### [Aim of the exercise]
A faithful transcription of all the data, images excluded, is the required answer.

### [Supplied information]
• • •

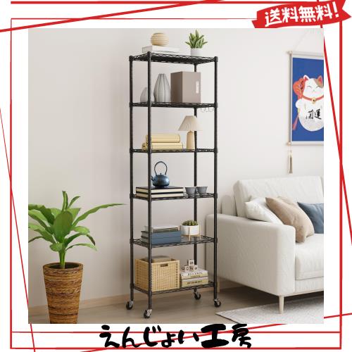 NATRKE メタルラック 6段 ブラック キャスター付き スチールラック スチールシェルフ ワイヤーラック 置物架 大容量 防錆 傷つきにくい
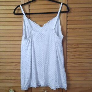 Lane Bryant VNeck Lace Trim Polka-dot Baby Doll Camisole Size 14/16. Measurements are approximate. Chest underarm to underarm 19 inches. Length from underarm to hemline 19 inches. 94% rayon 6% spandex. Questions and offers welcome.
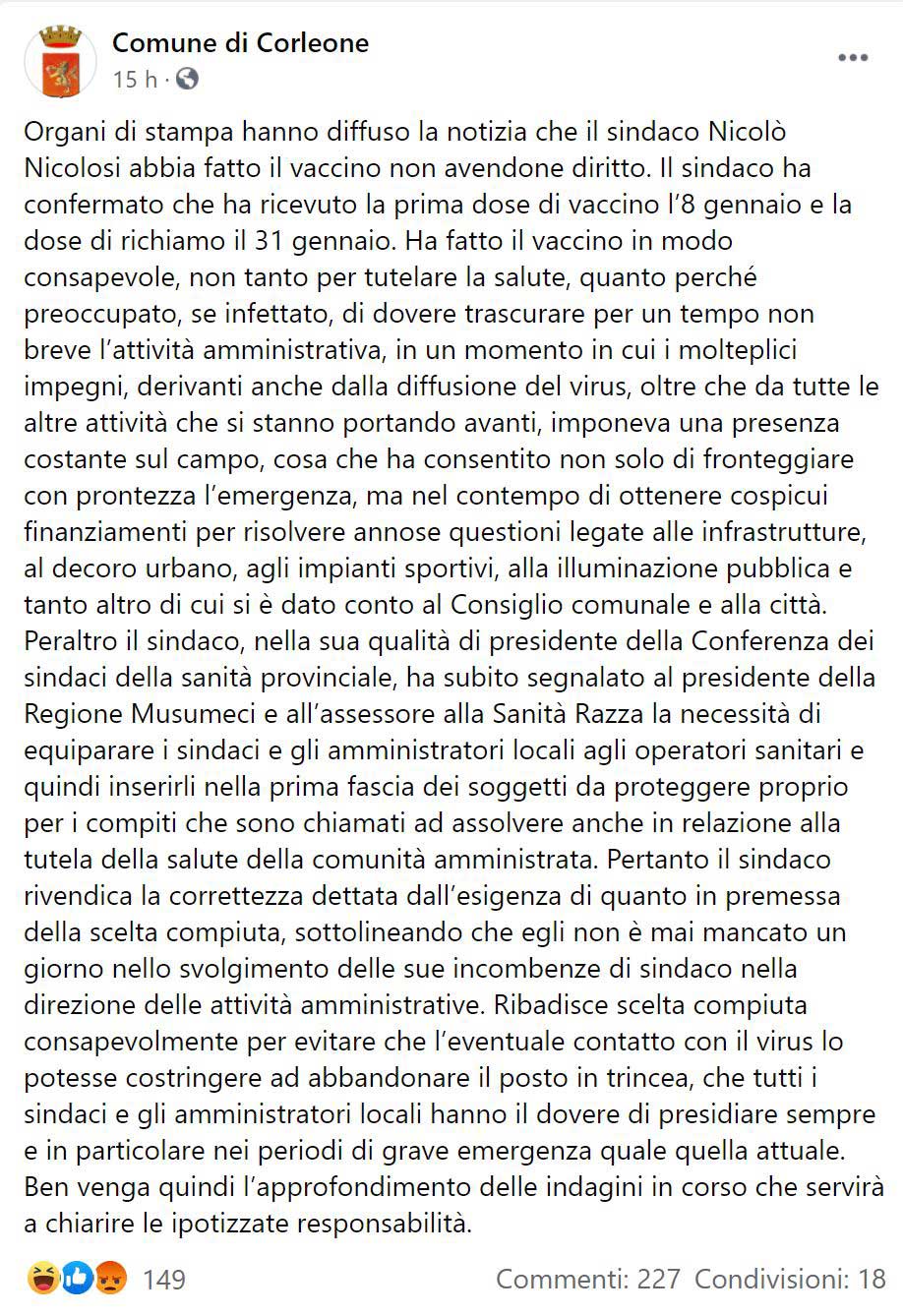 La difesa del sindaco era passata per un altro post pubblicato sulla pagina Facebook del comune. “Organi di stampa hanno diffuso la notizia che il sindaco Nicolò Nicolosi abbia fatto il vaccino non avendone diritto – si legge nel post -. Il sindaco ha confermato che ha ricevuto la prima dose di vaccino l’8 gennaio e la dose di richiamo il 31 gennaio. Ha fatto il vaccino in modo consapevole, non tanto per tutelare la salute, quanto perché preoccupato, se infettato, di dovere trascurare per un tempo non breve l’attività amministrativa, in un momento in cui i molteplici impegni, derivanti anche dalla diffusione del virus, oltre che da tutte le altre attività che si stanno portando avanti, imponeva una presenza costante sul campo”.
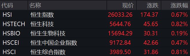 | 名称 | 现价 | 涨跌幅 ▼ | | --- | --- | --- | | 中国黄金国际 | 165.500 c | 11.37% | | 中国白银集团 | 0.750c | 5.63% | | 常金矿业 | 32.320c | 5.28% | | 灵宝黄金 | 17.070c | 4.21% | | 山东黄金 | 35.980 c | 4.05% | | 招金矿业 | 30.140c | 3.72% | | 周大福 | 14.140c | 3.59% | | 国际资源 | 10.800c | 3.55% | | 珠峰黄金 | 2.400 c | 3.00% | | 紫金黄金国际 | 143.300c | 2.95% | | 代码 | 名称 | 现价 | 涨跌 | 涨跌幅 | | --- | --- | --- | --- | --- | | મટા | 恒生指数 | 26033.26 | 174.37 | 0.67% | | HSTECH | 恒生科技 | 5644.76 | 45.65 | 0.82% | | HSBIO | 恒生生物科技 | 15694.29 | 30.31 | 0.19% | ...

• • •

### [Answer area]
 NATRKE メタルラック 6段 ブラック キャスター付き スチールラック スチールシェルフ ワイヤーラック 置物架 大容量 防錆 傷つきにくい
 Lane Bryant VNeck Lace Trim Polka-dot Baby Doll Camisole Size 14/16. Measurements are approximate. Chest underarm to underarm 19 inches. Length from underarm to hemline 19 inches. 94% rayon 6% spandex. Questions and offers welcome.
 La difesa del sindaco era passata per un altro post pubblicato sulla pagina Facebook del comune. “Organi di stampa hanno diffuso la notizia che il sindaco Nicolò Nicolosi abbia fatto il vaccino non avendone diritto – si legge nel post -. Il sindaco ha confermato che ha ricevuto la prima dose di vaccino l’8 gennaio e la dose di richiamo il 31 gennaio. Ha fatto il vaccino in modo consapevole, non tanto per tutelare la salute, quanto perché preoccupato, se infettato, di dovere trascurare per un tempo non breve l’attività amministrativa, in un momento in cui i molteplici impegni, derivanti anche dalla diffusione del virus, oltre che da tutte le altre attività che si stanno portando avanti, imponeva una presenza costante sul campo”.
 | 名称 | 现价 | 涨跌幅 ▼ | | --- | --- | --- | | 中国黄金国际 | 165.500 c | 11.37% | | 中国白银集团 | 0.750c | 5.63% | | 常金矿业 | 32.320c | 5.28% | | 灵宝黄金 | 17.070c | 4.21% | | 山东黄金 | 35.980 c | 4.05% | | 招金矿业 | 30.140c | 3.72% | | 周大福 | 14.140c | 3.59% | | 国际资源 | 10.800c | 3.55% | | 珠峰黄金 | 2.400 c | 3.00% | | 紫金黄金国际 | 143.300c | 2.95% | | 代码 | 名称 | 现价 | 涨跌 | 涨跌幅 | | --- | --- | --- | --- | --- | | મટા | 恒生指数 | 26033.26 | 174.37 | 0.67% | | HSTECH | 恒生科技 | 5644.76 | 45.65 | 0.82% | | HSBIO | 恒生生物科技 | 15694.29 | 30.31 | 0.19% | ...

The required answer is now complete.